## To do
Exactly the lines from the one containing "Visitors pay their" through the one containing "Anker独自のカスタムAI" in the listing below are to be copied, with the pictures left out.

## Data to examine
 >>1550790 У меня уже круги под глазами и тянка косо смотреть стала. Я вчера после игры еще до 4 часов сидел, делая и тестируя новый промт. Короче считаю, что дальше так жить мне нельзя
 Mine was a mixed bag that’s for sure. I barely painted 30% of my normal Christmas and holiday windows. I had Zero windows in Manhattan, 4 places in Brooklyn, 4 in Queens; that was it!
* * *
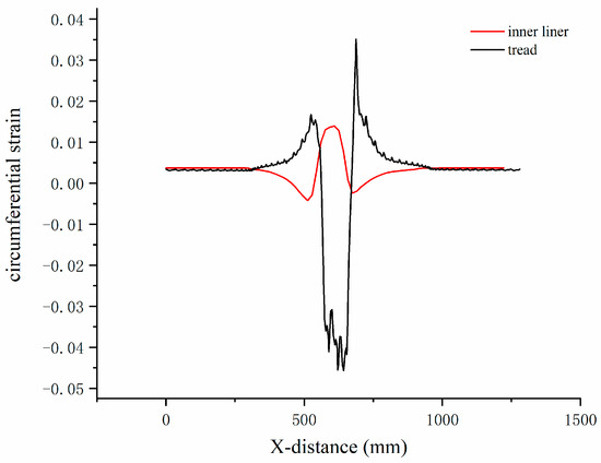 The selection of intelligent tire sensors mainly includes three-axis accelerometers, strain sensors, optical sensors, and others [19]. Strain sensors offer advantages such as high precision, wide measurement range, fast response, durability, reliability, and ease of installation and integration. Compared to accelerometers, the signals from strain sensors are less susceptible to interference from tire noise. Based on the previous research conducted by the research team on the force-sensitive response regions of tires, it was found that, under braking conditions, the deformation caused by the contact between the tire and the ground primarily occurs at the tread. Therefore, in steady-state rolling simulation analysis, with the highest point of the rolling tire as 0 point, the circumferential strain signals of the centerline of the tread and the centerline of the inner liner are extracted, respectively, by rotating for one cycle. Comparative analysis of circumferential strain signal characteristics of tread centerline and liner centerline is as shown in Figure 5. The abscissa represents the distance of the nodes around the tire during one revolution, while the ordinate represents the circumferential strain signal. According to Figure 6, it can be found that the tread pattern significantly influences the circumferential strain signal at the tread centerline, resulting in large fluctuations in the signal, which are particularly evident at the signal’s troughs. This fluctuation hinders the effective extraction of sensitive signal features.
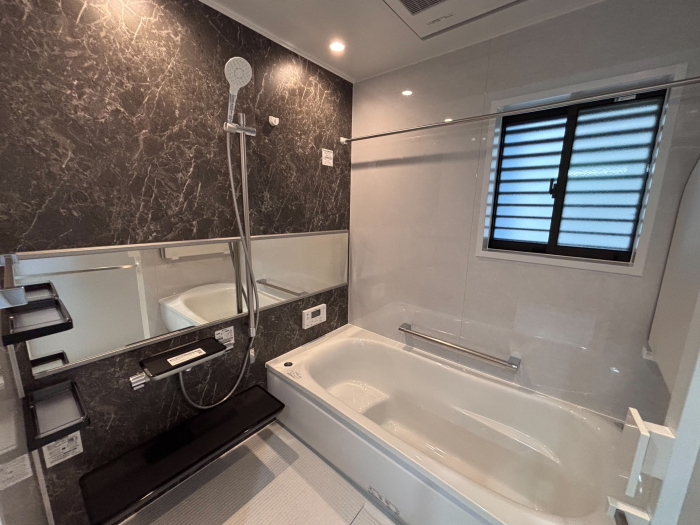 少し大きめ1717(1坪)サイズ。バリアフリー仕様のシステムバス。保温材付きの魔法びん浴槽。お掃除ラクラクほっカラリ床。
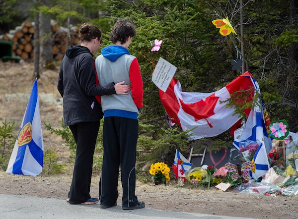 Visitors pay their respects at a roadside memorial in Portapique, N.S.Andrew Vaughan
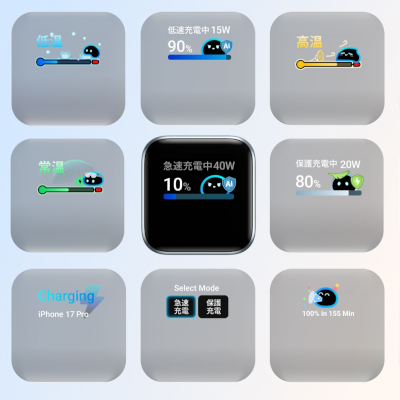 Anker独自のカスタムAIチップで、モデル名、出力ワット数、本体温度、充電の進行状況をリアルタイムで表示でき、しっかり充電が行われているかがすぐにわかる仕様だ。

## Solution for this exercise
 Visitors pay their respects at a roadside memorial in Portapique, N.S.Andrew Vaughan
 Anker独自のカスタムAIチップで、モデル名、出力ワット数、本体温度、充電の進行状況をリアルタイムで表示でき、しっかり充電が行われているかがすぐにわかる仕様だ。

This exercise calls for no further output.